:: Instructions for the task ::
Each line from the one with "- Add Account" through the last line below must be written out exactly. Do not copy pictures.
[Raw data — start]
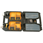 This 90-piece worksite set from DeWalt comes supplied in a robust plastic case with sturdy metal latches. The set contains an assortment of drill bits, flat bits and screwdriver bits:
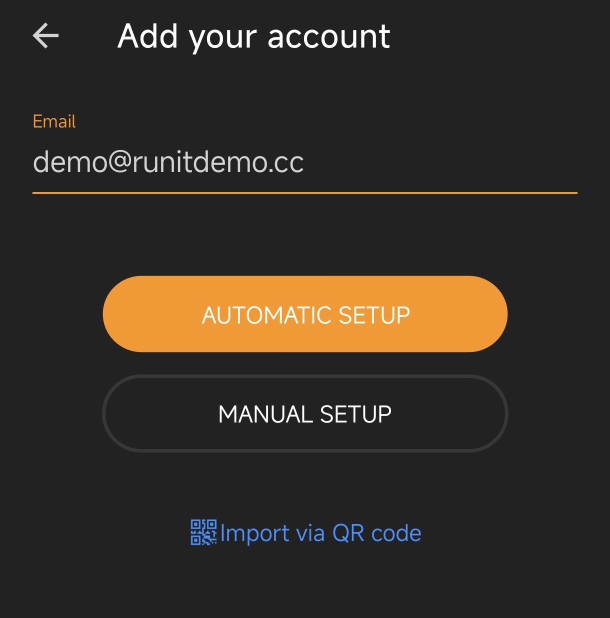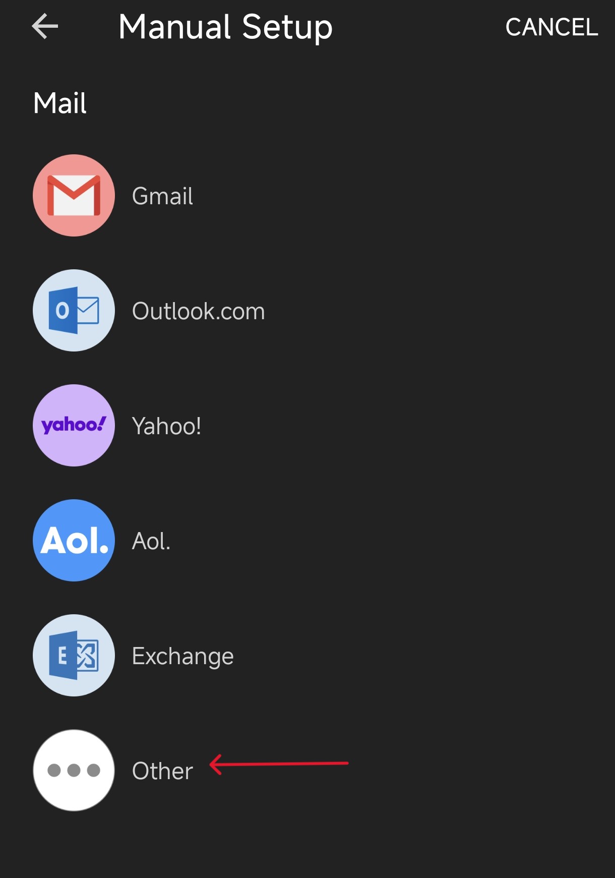 - Add Account > Your Email > Manual Setup > Other
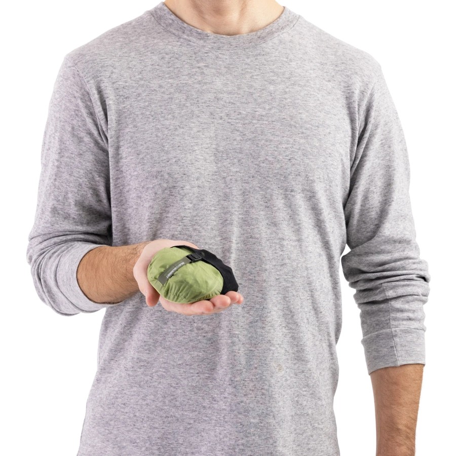 So light you’ll barely notice it. At just 55g, it packs into its own micro storage pouch for effortless carrying
[Raw data — finish]
:: Answer below ::
 - Add Account > Your Email > Manual Setup > Other
 So light you’ll barely notice it. At just 55g, it packs into its own micro storage pouch for effortless carrying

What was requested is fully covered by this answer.